Most important is his very bad habit of arguing from ignorance, as when he claims that it is highly suspicious that if, as the Stratfordians claim, Shakespeare’s sonnets were published without the poet’s permission in 1609, the poet did not protest. Oxford, of course, could not protest because he had been dead for five years. But we don’t know that “the Stratford man” did not protest. The record is silent on the subject of his reaction to their publication. As, indeed, we should expect it to be. For in the days before there was such a thing as copyright, there was no formal means by which he could register a protest in any case. But, again and again, the fact that there is no evidence that something happened is taken to be evidence that it did not happen — an elementary logical error.

But the fault that Sobran shares with all his fellow anti-Stratfordians is that he never sufficiently makes the case that we must reject the obvious candidate for the authorship of Shakespeare’s plays, namely Shakespeare. We have no compelling evidence to set aside the universal identification of Shakespeare with Shakespeare that was unchallenged in his lifetime and for more than two centuries after his death. Sobran’s one attempt to insist that Mr. Shakspere of Stratford “simply could not have written” the sonnets is based on not one but two highly dubious assumptions — first that the sonnets must be autobiographical and second that our lack of evidence relating to Shakespeare’s life in London means that something like the experiences described in them did not happen to him.

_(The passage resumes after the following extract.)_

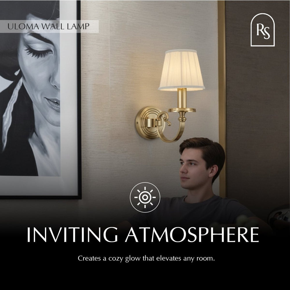 The Uloma Wall Lamp is a refined light fixture crafted from durable copper paired with a pleated cloth lampshade, offering a soft, ambient glow. Its curved arm design and gold finish create an elegant silhouette ideal for classic or transitional interiors. Whether styled alone or in pairs, it adds symmetry and charm to living rooms, bedrooms, or hallways. The structured backplate ensures stable wall mounting and a cohesive aesthetic. Perfect for enhancing upscale décor with both function and style.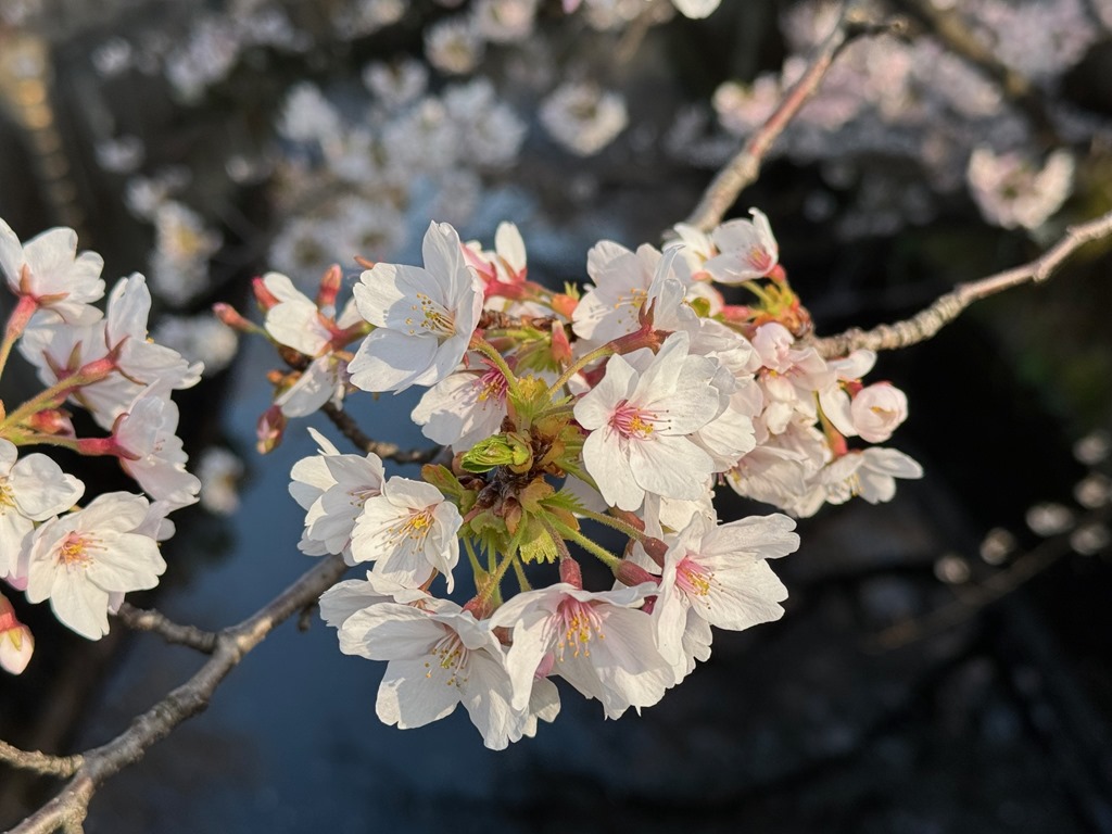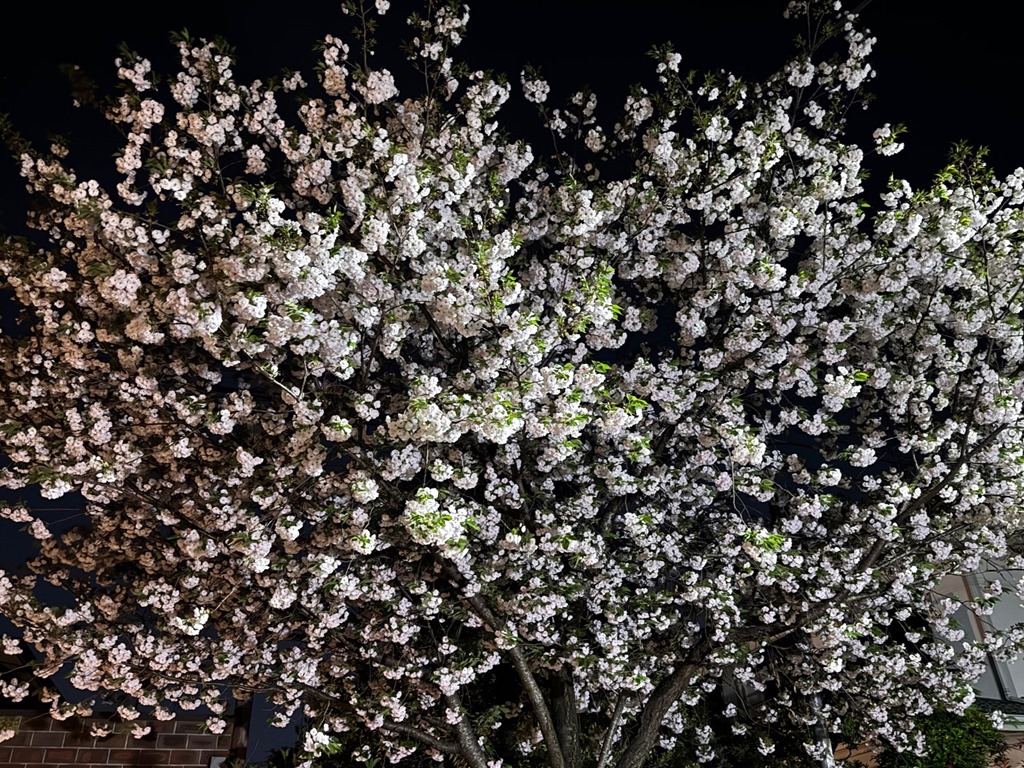 帰りも夜桜見物をしながら。夜も寒くなくなりました。

We have no evidence that the Stratford man was uneducated (still less illiterate!), coarse-grained or dull witted that can be set against the evidence of the plays that he was none of these things, and without it there is simply no good reason to doubt his authorship. The principle of logic known as Occam’s Razor requires that “entities must not be multiplied unnecessarily,” and, as an American and a dreamer, I am sorry to have to say that the Earl of Oxford, like Marlowe, Bacon and all the other rival candidates for “Shakespeare’s” laurels, is very much an unnecessary entity.